[Start of Attachment]
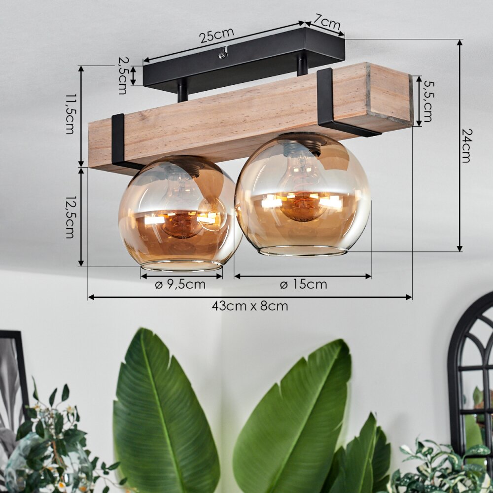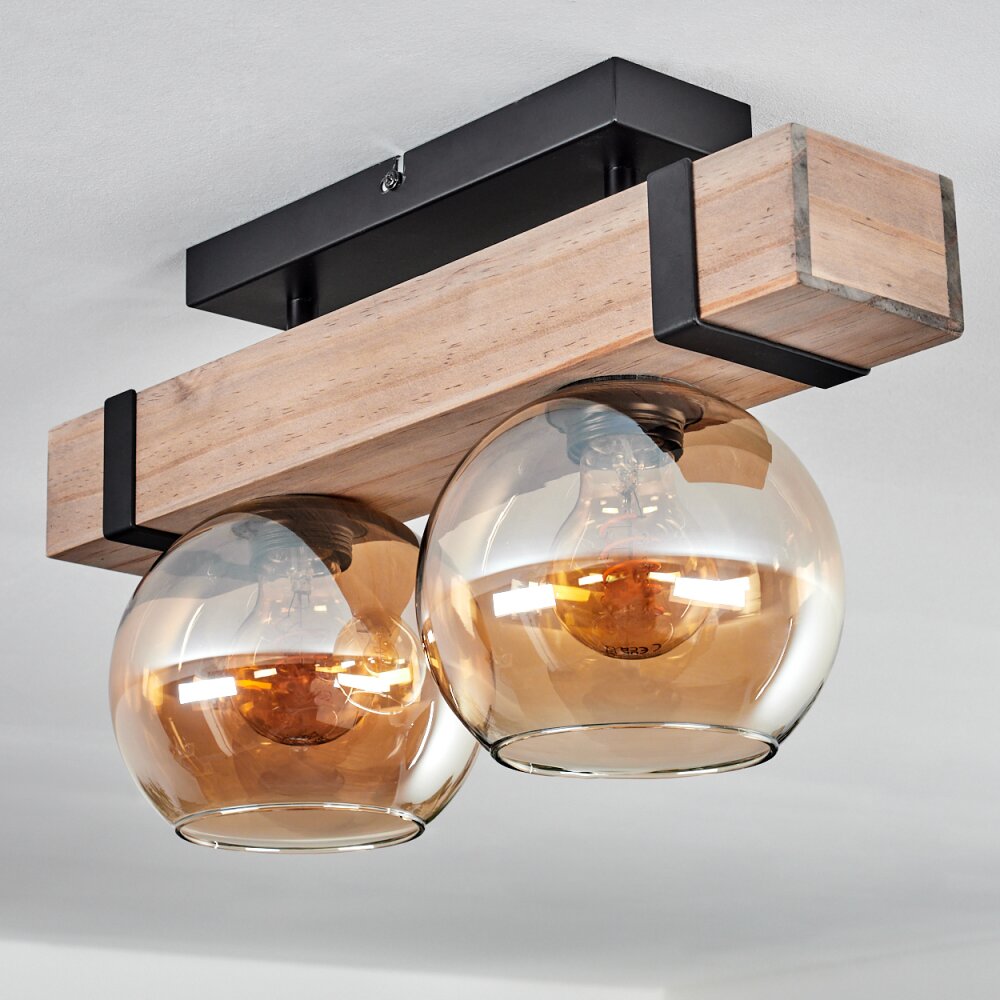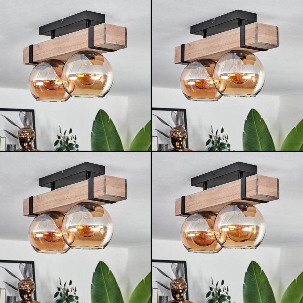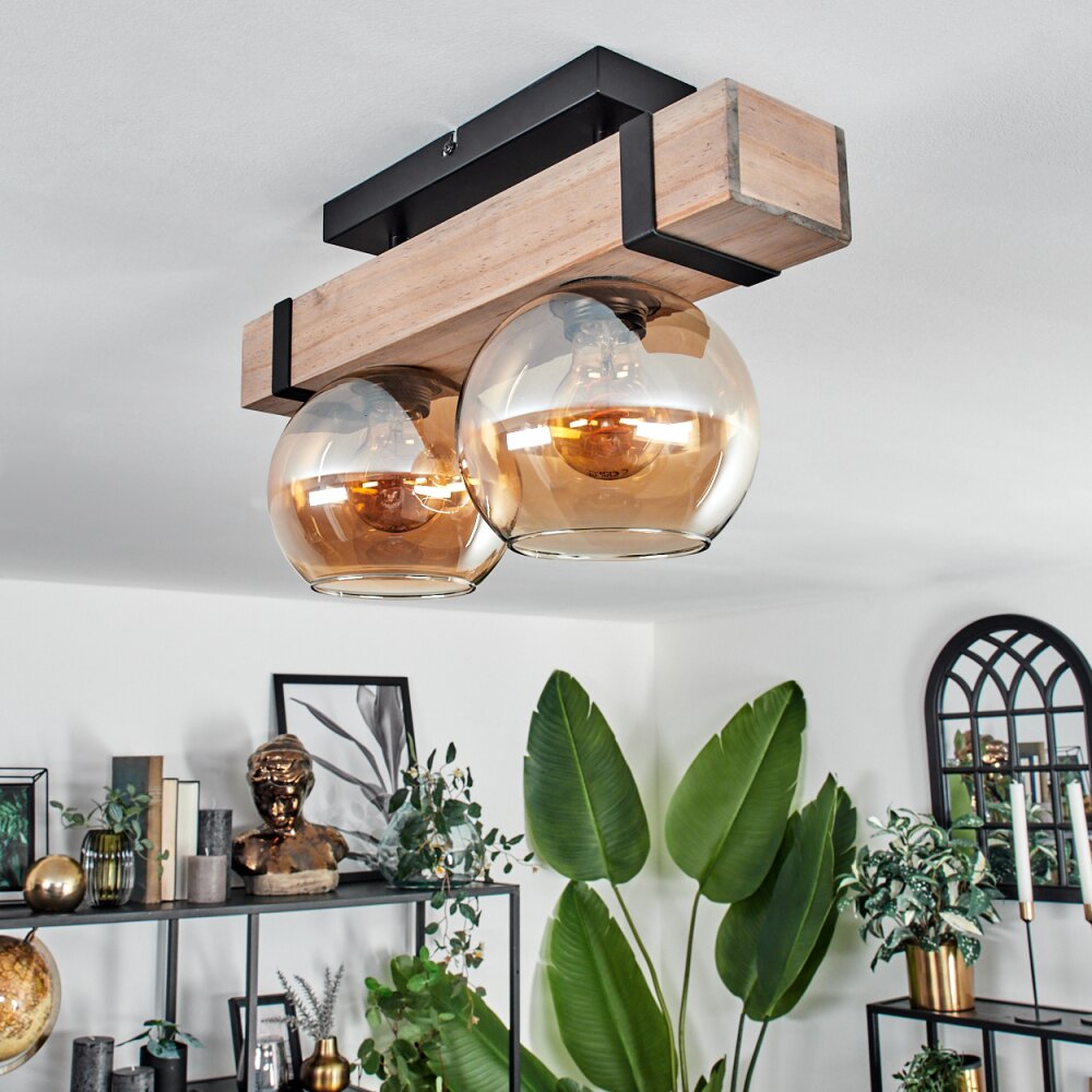 Montgomery Plafondlamp - Glas Natuurlijke kleuren, Zwart, 2-lichts
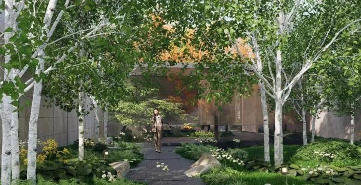 三进院:来到社区中央,18米宽的中心景观轴,搭配景观水池与疏密乔木,形成极简却又不失典雅气质的主景观花园!
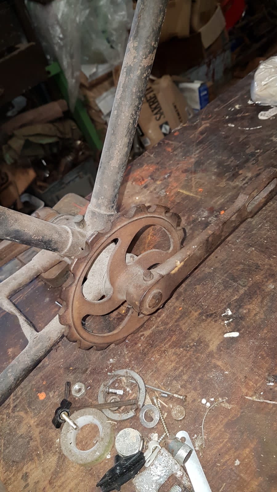 Tandwiel met vier ronde armen linksom lopend (die armen, niet de ketting), balhoofd met vernikkelde lagers en ook de voorvork kroon is vernikkeld.
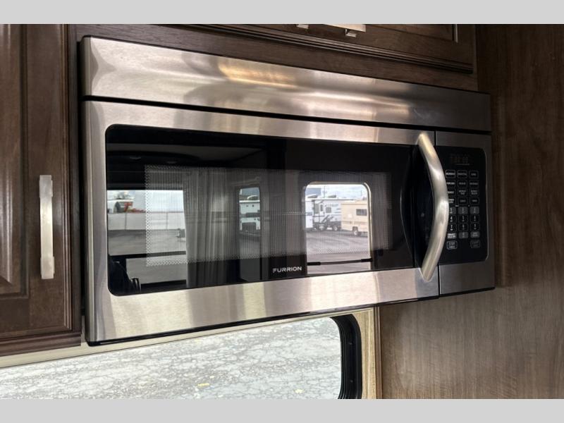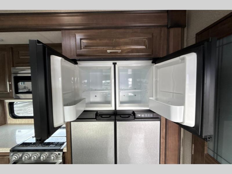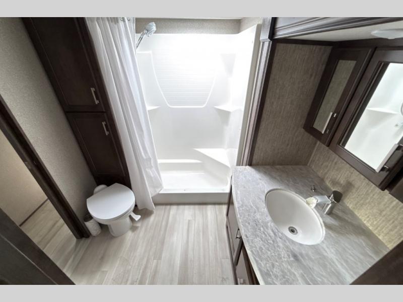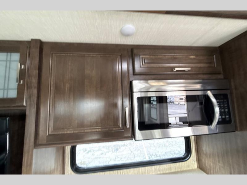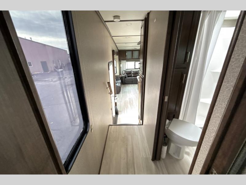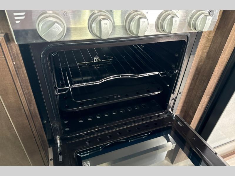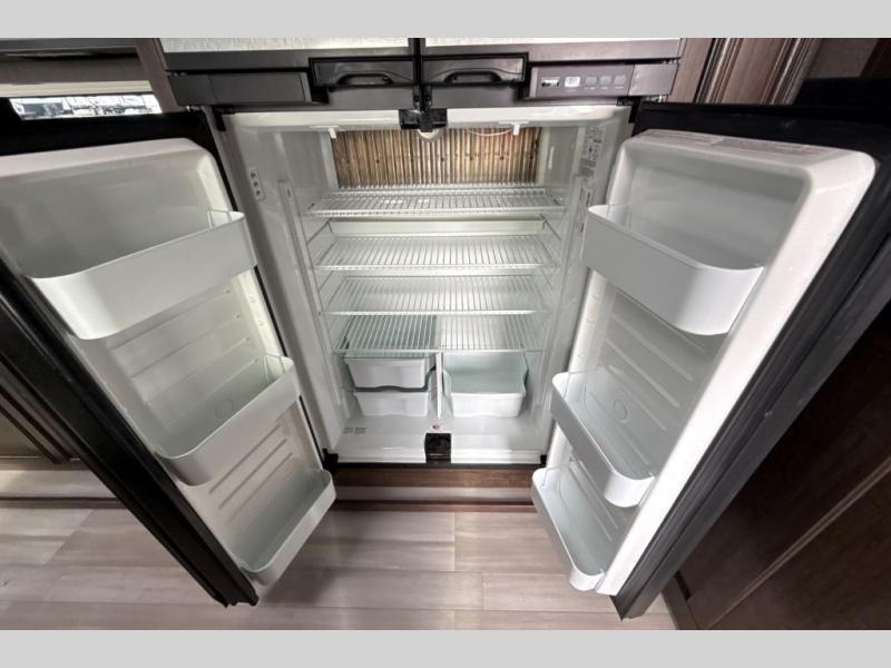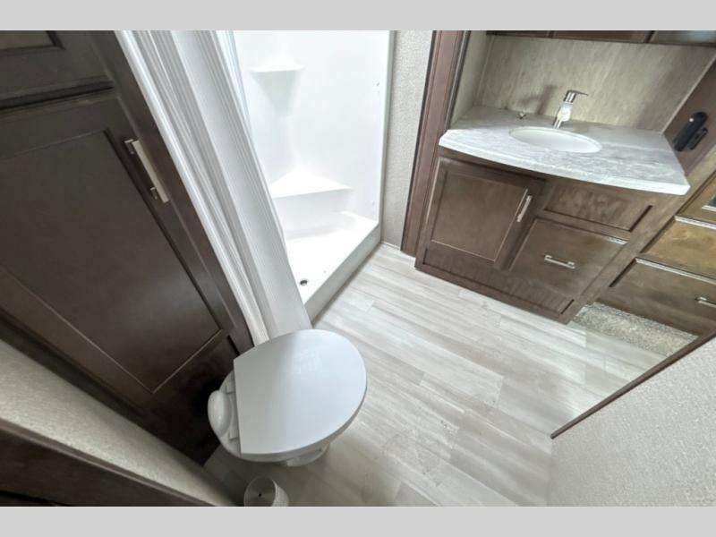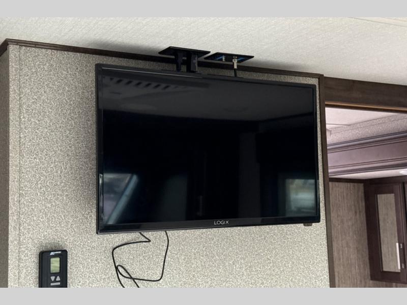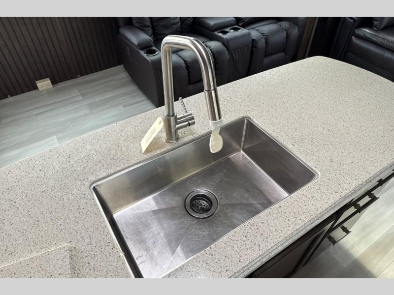 You and your spouse will love living in this fifth wheel with the master suite offering a walk-around queen bed with a king bed option, plus there is a 32" LED TV, and a slide out with a mirrored wardrobe and drawers plus a bathroom sink that stretches into the double-entry bathroom. The main living and kitchen area is spacious as well with two slides opening up the area around the kitchen island giving the cook plenty of space to make meals and you can relax on the theater seats, or the tri-fold sofa which offers sleeping space for guests. You can work or dine from the free-standing dinette while watching the LED Smart TV with fireplace below. And the oversized pantry as well as the hutch offers more storage for the food and picture frames. You might like to add a washer/dryer option if you don't want to use the appliances at the RV park, and there is a solar package option available.
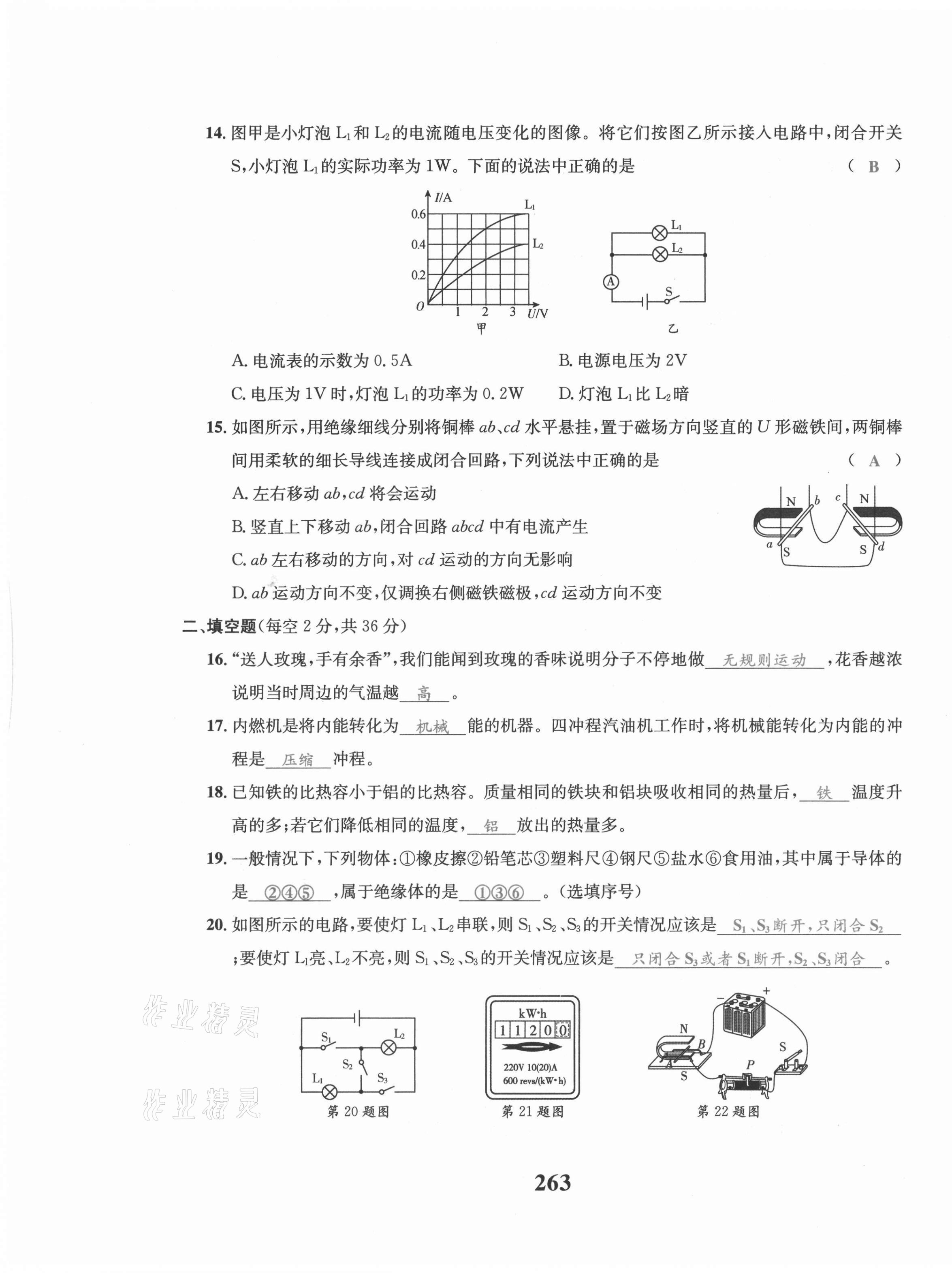 注:目前有些书本章节名称可能整理的还不是很完善,但都是按照顺序排列的,请同学们按照顺序仔细查找。练习册 2021年骄子1号九年级物理全一册教科版 答案主要是用来给同学们做完题方便对答案用的,请勿直接抄袭。
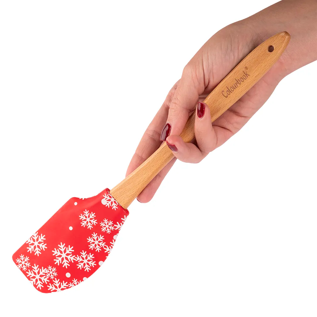 Realizzata in legno e silicone, la spatola da cucina misura 31 cm e include una formina per biscotti coordinata all’interno della confezione regalo.
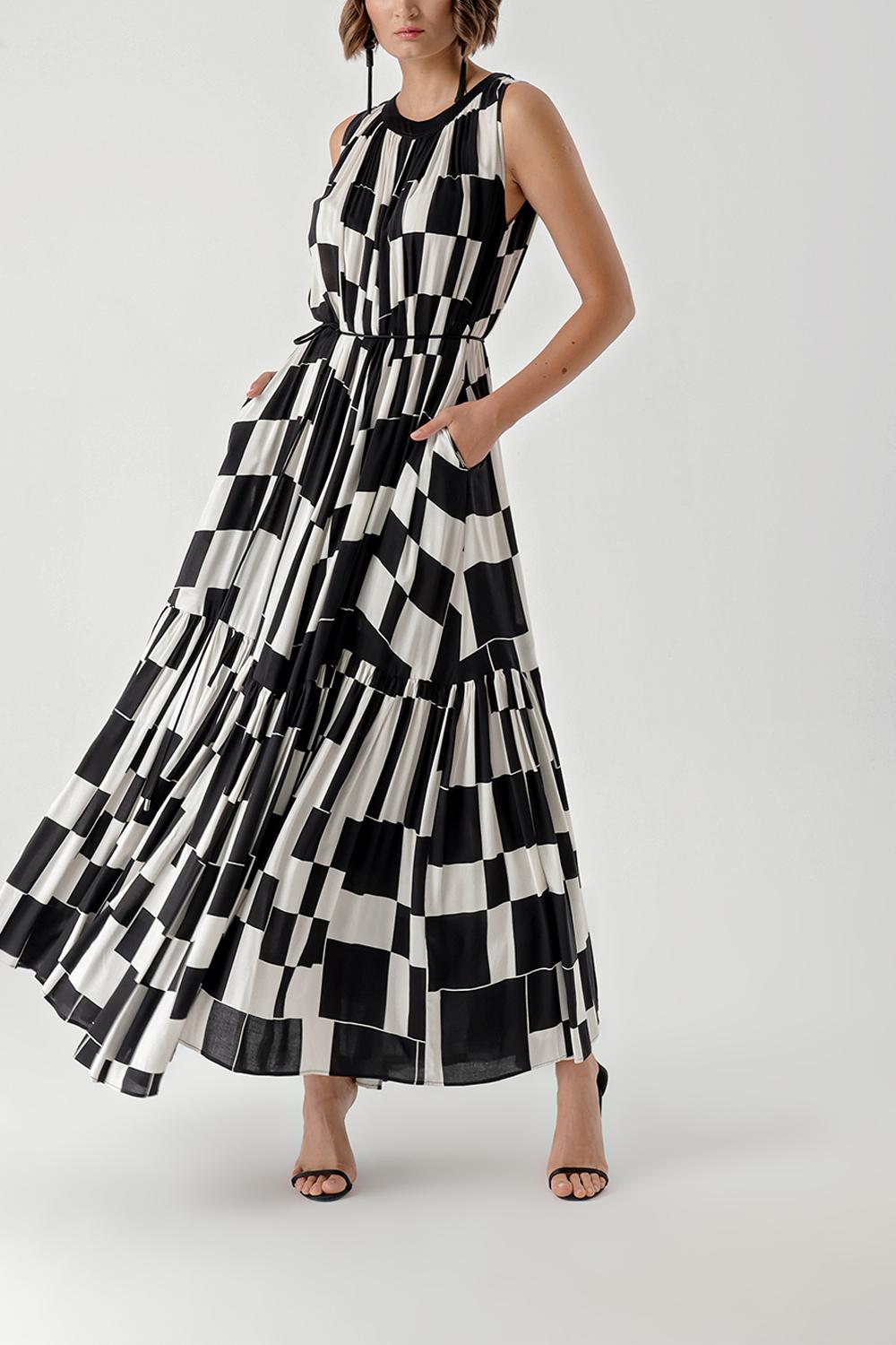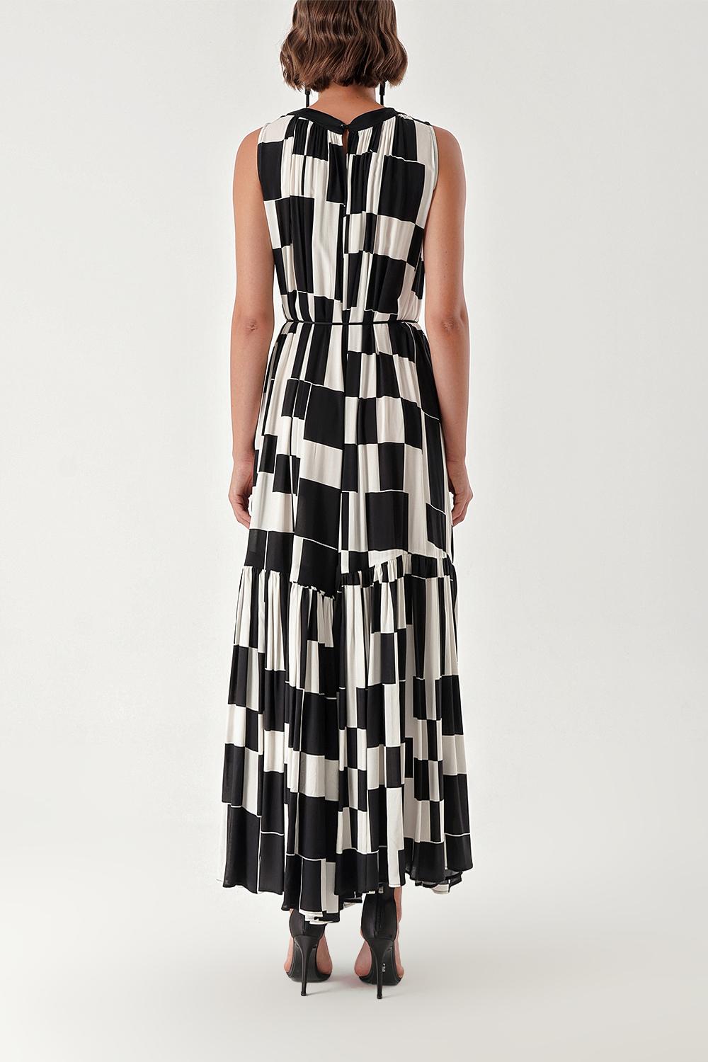 Siyah Beyaz Kolsuz büzgülü uzun elbise 94263
[End of Attachment]
**Problem**
Set down exactly the lines between the line containing "Realizzata in legno" and the end of the records above, both ends included; pictures stay out.

**Task response**
 Realizzata in legno e silicone, la spatola da cucina misura 31 cm e include una formina per biscotti coordinata all’interno della confezione regalo.
 Siyah Beyaz Kolsuz büzgülü uzun elbise 94263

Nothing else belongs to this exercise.